Origin of the quasiparticle dispersion kinks in Bi-2212 determined from angle-resolved inelastic electron scattering
ORAL
Abstract
The kink features in the low energy quasiparticle dispersion in cuprate superconductors have been extensively studied using angle-resolved photoemission spectroscopy (ARPES). The existence of these kinks is a signature of a renormalization of the fermionic quasiparticles due to coupling to some bosonic collective mode at a scale related to the kink energy.

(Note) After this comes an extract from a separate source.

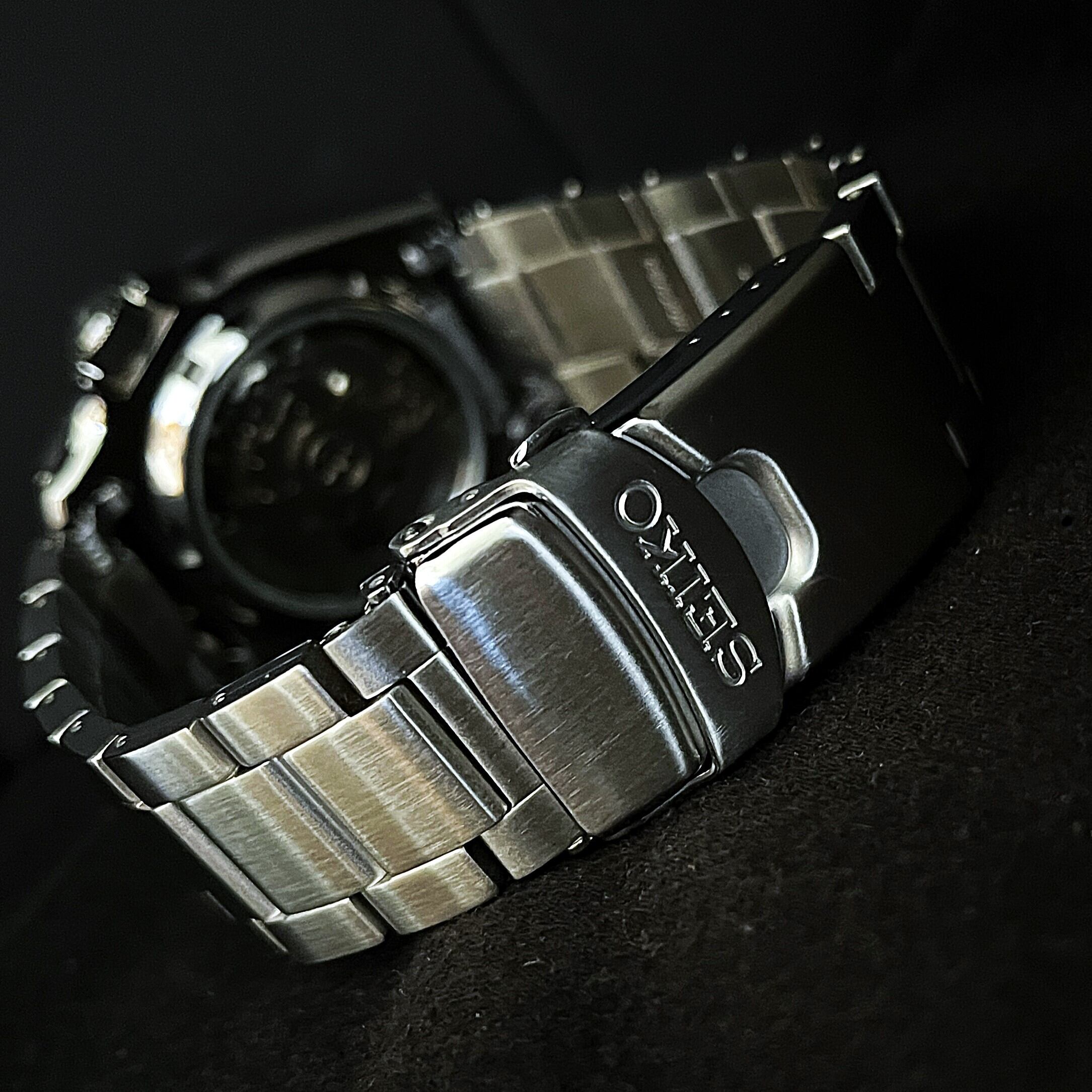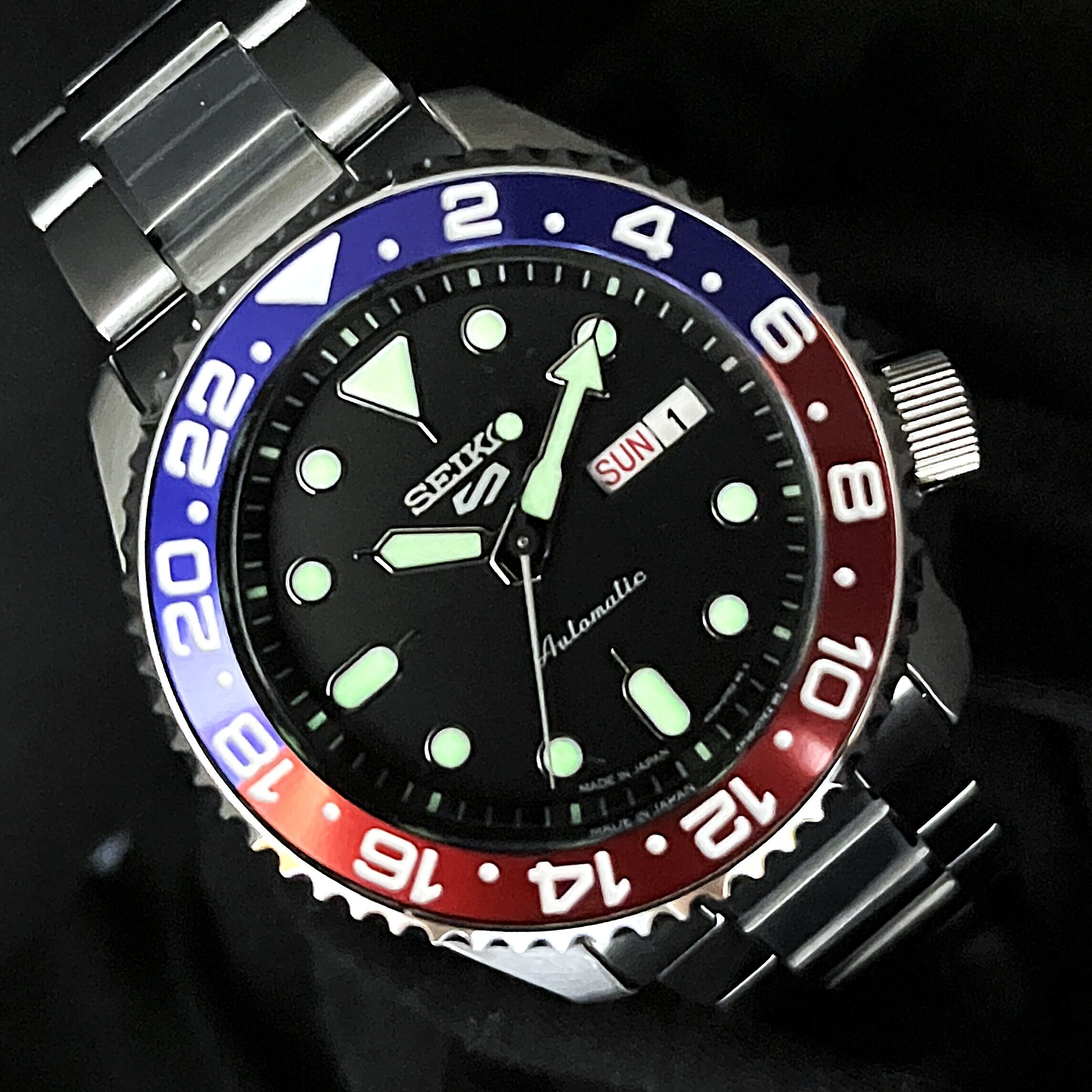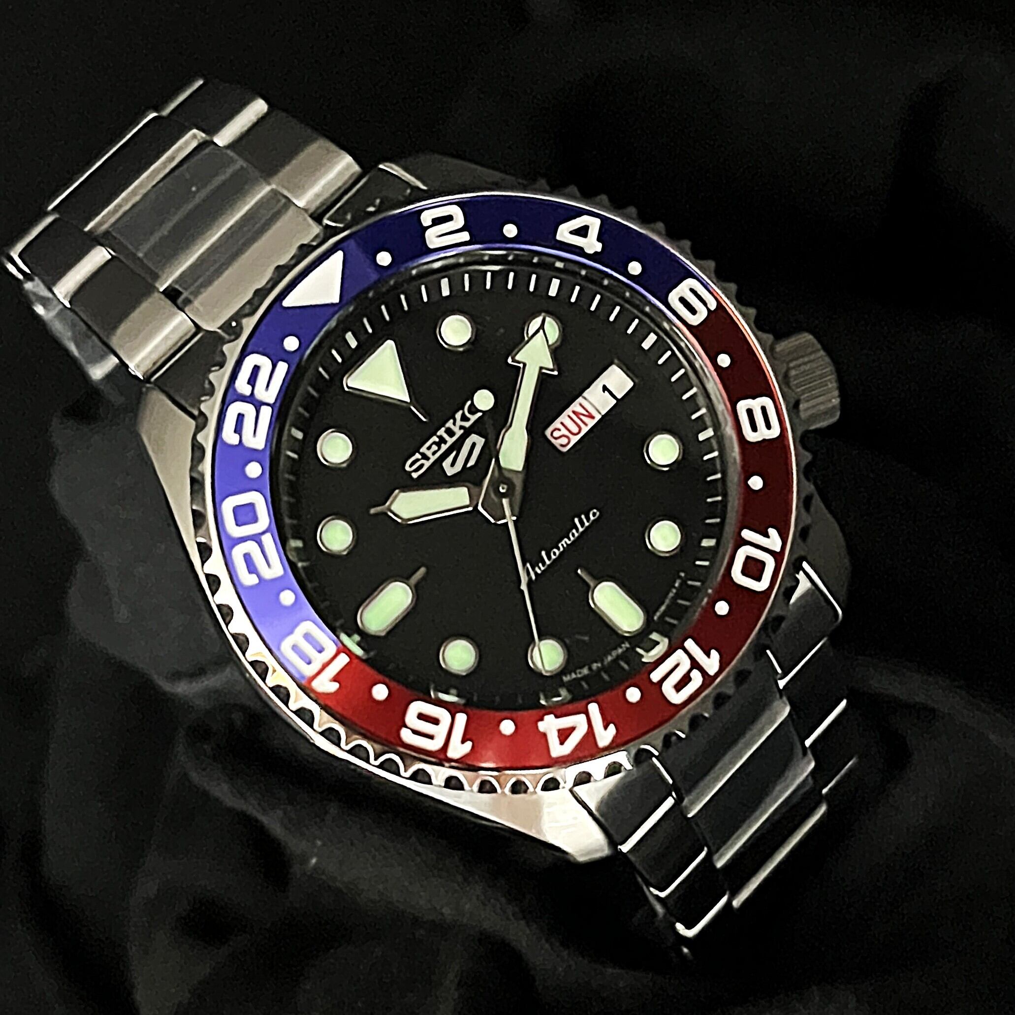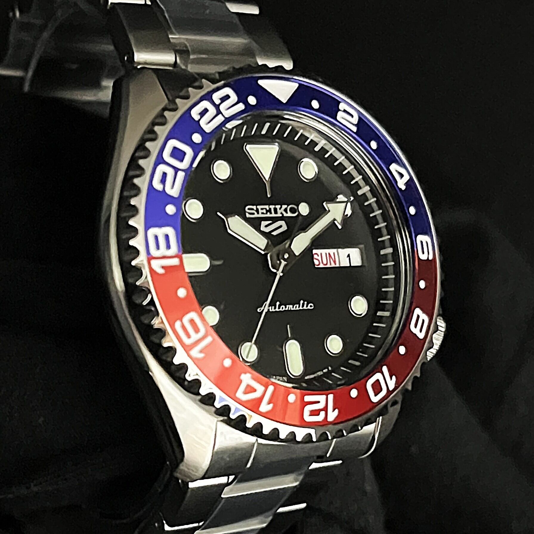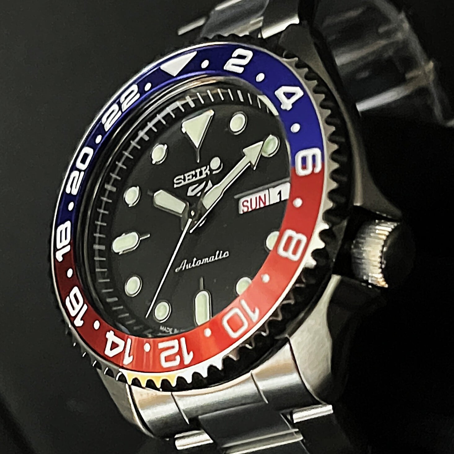 ご購入頂いたSEIKO5Sportsブラックフェイスに、ペプシカラーのGMT24hタイプのベゼルインサートをサブマリーナタイプのベゼルにセットして、純正のオイスタースタイルのステンレス製3連メタルバンドを組み込んだ、定番的なモディファイのご提案です。

In this talk, I will present angle-resolved inelastic electron scattering studies of the bosonic collective excitations in optimally doped Bi$_2$Sr$_2$CaCu$_2$O$_{8+\delta}$. Performing a 2D momentum parameterization of these modes, we reconstruct the complete dynamical susceptibility, $\chi(q,\omega)$, which we use to perform a one-loop self energy correction to the quasiparticle dispersion. The result reproduces well the dispersion observed with ARPES, indicating that these excitations are the origin of the observed kinks. I will discuss the implications of our study for phonon vs.\ spin fluctuation interpretation of these effects.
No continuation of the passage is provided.